Давно забытый король даровал своей возлюбленной огромный замок, Кипсейк, и уехал, чтобы никогда не вернуться. Несмотря на чудесных бабочек, обитающих в саду, Кипсейк стал ее проклятием. Ведь королева умирала от тоски и одиночества внутри огромного каменного монстра. Она замуровала себя в старой часовне, не сумев вынести разлуки с любимым. Такую сказку Нина Парр читала в детстве. Из-за бабочек погиб ее собственный отец, знаменитый энтомолог. Она никогда не видела его до того, как он воскрес, оказавшись на пороге ее дома.


Лекарство для тещи

Международный (Интернациональный) Союз писателей, поэтов, авторов-драматургов и журналистов является крупнейшей в мире организацией профессиональных писателей. Союз был основан в 1954 году. В данный момент основное подразделение расположено в Москве. В конце 2018 года правление ИСП избрало нового президента организации. Им стал американский писатель-фантаст, лауреат литературных премий Хьюго, «Небьюла», Всемирной премии фэнтези и других — Майкл Суэнвик.

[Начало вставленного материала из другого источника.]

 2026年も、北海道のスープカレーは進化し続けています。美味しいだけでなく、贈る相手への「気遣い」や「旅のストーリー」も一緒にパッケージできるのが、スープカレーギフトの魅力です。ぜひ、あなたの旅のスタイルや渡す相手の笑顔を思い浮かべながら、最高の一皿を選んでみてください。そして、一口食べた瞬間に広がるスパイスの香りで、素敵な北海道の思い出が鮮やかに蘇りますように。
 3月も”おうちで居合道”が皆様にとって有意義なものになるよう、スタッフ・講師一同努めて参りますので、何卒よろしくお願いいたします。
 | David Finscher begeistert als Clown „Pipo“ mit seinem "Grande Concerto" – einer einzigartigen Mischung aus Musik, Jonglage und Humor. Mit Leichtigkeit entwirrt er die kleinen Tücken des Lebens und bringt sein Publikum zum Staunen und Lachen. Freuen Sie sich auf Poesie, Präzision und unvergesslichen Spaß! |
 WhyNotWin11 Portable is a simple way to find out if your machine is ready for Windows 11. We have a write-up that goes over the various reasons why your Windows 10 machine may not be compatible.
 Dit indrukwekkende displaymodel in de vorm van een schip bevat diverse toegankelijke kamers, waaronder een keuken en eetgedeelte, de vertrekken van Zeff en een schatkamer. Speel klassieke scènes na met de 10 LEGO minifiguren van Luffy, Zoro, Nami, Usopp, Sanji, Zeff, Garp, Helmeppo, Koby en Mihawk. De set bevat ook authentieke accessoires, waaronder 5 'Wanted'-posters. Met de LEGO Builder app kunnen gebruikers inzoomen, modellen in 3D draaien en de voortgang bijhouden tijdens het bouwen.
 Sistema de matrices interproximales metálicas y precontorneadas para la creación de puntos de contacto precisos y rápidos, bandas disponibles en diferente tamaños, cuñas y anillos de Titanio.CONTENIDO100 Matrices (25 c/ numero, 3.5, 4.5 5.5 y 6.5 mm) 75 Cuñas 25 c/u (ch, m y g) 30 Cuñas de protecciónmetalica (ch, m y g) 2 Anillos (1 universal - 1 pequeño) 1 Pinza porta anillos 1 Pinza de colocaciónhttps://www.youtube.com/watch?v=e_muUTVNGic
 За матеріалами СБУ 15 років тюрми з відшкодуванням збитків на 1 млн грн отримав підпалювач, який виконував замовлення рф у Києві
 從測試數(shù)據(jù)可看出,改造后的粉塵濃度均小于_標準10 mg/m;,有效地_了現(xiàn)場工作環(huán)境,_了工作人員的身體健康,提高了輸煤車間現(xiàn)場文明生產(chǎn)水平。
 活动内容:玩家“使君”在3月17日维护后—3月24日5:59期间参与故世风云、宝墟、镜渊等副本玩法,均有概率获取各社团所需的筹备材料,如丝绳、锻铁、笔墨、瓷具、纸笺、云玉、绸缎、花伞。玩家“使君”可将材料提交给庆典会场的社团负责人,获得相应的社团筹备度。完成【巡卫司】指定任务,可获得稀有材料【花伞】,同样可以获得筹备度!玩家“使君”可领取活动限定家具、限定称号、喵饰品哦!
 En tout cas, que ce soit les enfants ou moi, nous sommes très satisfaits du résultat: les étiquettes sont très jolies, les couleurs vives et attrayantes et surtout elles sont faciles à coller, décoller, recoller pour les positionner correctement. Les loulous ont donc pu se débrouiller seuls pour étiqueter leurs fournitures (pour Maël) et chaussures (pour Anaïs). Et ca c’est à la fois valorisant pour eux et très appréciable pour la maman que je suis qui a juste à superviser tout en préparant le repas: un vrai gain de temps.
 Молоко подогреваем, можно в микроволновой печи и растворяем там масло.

Юбилейный выпуск журнала Октябрь

«Сто лет минус пять» отметил в 2019 году журнал «Октябрь», и под таким названием выходит номер стихов и прозы ведущих современных авторов – изысканная антология малой формы. Сколько копий сломано в спорах о том, что такое современный роман. Но вот весомый повод поломать голову над тайной современного рассказа, который на поверку оказывается перформансом, поэмой, былью, ворожбой, поступком, исповедью современности, вмещающими жизнь в объеме романа. Перед вами коллекция визитных карточек писателей, получивших широкое признание и в то же время постоянно умеющих удивить новым поворотом творчества.


Идёт человек…

В книге рассказывается история главного героя, который сталкивается с различными проблемами и препятствиями на протяжении всего своего путешествия. По пути он встречает множество второстепенных персонажей, которые играют важные роли в истории. Благодаря опыту главного героя книга исследует такие темы, как любовь, потеря, надежда и стойкость. По мере того, как главный герой преодолевает свои трудности, он усваивает ценные уроки жизни и растет как личность.